_ASSIGNMENT:_ Each line from the one containing "Sterling Silver Rhod-plated" through the last line of the data below is to be written out verbatim, and nothing more.

_Excerpts from a dataset:_
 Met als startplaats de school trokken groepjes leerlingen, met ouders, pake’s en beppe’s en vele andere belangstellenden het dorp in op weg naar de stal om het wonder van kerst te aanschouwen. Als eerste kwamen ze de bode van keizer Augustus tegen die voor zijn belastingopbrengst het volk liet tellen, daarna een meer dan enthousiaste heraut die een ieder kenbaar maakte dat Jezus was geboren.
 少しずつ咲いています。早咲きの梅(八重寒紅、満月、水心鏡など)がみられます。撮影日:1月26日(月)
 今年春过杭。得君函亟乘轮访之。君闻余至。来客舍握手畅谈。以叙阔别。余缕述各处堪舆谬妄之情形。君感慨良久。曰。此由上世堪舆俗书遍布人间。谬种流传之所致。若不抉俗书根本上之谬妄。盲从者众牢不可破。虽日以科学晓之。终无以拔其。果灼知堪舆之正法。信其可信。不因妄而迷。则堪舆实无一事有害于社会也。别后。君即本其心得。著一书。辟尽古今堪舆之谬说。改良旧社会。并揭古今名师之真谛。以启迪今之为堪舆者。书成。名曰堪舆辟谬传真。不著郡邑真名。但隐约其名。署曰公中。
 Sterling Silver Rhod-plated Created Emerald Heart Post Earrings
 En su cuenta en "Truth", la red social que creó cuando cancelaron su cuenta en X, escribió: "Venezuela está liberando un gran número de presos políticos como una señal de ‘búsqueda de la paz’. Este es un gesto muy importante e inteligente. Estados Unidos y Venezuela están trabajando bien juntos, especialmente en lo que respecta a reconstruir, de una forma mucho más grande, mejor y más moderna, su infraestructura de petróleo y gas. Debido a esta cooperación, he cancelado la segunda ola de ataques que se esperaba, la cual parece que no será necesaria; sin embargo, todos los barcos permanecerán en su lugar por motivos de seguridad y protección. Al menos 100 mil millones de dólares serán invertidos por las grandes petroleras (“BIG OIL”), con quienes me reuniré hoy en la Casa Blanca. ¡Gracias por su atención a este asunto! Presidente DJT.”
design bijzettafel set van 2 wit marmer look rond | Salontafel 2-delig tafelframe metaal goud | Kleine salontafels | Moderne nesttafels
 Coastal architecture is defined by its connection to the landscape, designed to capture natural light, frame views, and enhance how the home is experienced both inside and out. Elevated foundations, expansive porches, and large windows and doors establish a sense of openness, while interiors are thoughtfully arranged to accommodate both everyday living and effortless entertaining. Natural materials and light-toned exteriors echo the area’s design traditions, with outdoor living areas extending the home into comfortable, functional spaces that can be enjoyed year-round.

_EXERCISE RESULT:_
 Sterling Silver Rhod-plated Created Emerald Heart Post Earrings
 En su cuenta en "Truth", la red social que creó cuando cancelaron su cuenta en X, escribió: "Venezuela está liberando un gran número de presos políticos como una señal de ‘búsqueda de la paz’. Este es un gesto muy importante e inteligente. Estados Unidos y Venezuela están trabajando bien juntos, especialmente en lo que respecta a reconstruir, de una forma mucho más grande, mejor y más moderna, su infraestructura de petróleo y gas. Debido a esta cooperación, he cancelado la segunda ola de ataques que se esperaba, la cual parece que no será necesaria; sin embargo, todos los barcos permanecerán en su lugar por motivos de seguridad y protección. Al menos 100 mil millones de dólares serán invertidos por las grandes petroleras (“BIG OIL”), con quienes me reuniré hoy en la Casa Blanca. ¡Gracias por su atención a este asunto! Presidente DJT.”
design bijzettafel set van 2 wit marmer look rond | Salontafel 2-delig tafelframe metaal goud | Kleine salontafels | Moderne nesttafels
 Coastal architecture is defined by its connection to the landscape, designed to capture natural light, frame views, and enhance how the home is experienced both inside and out. Elevated foundations, expansive porches, and large windows and doors establish a sense of openness, while interiors are thoughtfully arranged to accommodate both everyday living and effortless entertaining. Natural materials and light-toned exteriors echo the area’s design traditions, with outdoor living areas extending the home into comfortable, functional spaces that can be enjoyed year-round.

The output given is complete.